Following this pattern allows the MCP server to expand as additional HRMS APIs are exposed.
Using from LangChain
The module xmcp.tools
exposes helpers to register the MCP endpoints as
tools. Framework-agnostic specifications can be adapted to LangChain,
LangGraph or any other agentic runtime. StructuredTool from LangChain is being
deprecated, but we still provide helpers for backward compatibility.
# Framework-agnostic definitions
from xmcp.tools import create_tool_specs
specs = create_tool_specs(
base_url="http://localhost:8000",
auth_header_getter=lambda: "Bearer <token>",
)
# Convert to LangChain StructuredTool instances (deprecated but supported)

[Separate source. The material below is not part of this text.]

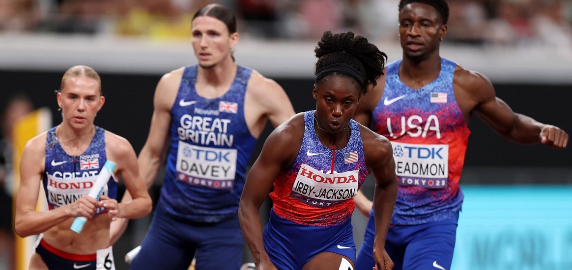 USA successfully defended the mixed 4x400m title and equalled their championship record from two years ago, clocking 3:08.80.
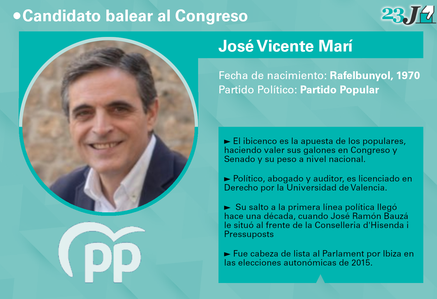José Vicente Marí Bosó (Rafelbunyol, Valencia, 1970) es el candidato del Partido Popular con experiencia en el Congreso y el Senado. Es licenciado en Derecho por la Universidad de Valencia (1997), además de miembro del Instituto de Censores Jurados de Cuentas de España, es hijo de Antoni Lluís Marí, quien fuera presidente de Sa Nostra. Su salto a la primera línea política llegó hace una década, cuando José Ramón Bauzá le situó al frente de la Conselleria d’Hisenda i Pressuposts en mayo de 2013, en un momento delicado a nivel económico.

from xmcp.tools import create_langchain_tools
tools = create_langchain_tools(
base_url="http://localhost:8000",
auth_header_getter=lambda: "Bearer <token>",
)
# tools now contains StructuredTool instances for all available endpoints
# (e.g. get_holidays, get_leaves, apply_leave, get_attendance, add_feedback, get_tickets, ...)
Each specification returns the JSON response from the corresponding MCP endpoint and can be supplied to any agent framework that supports structured tool calling.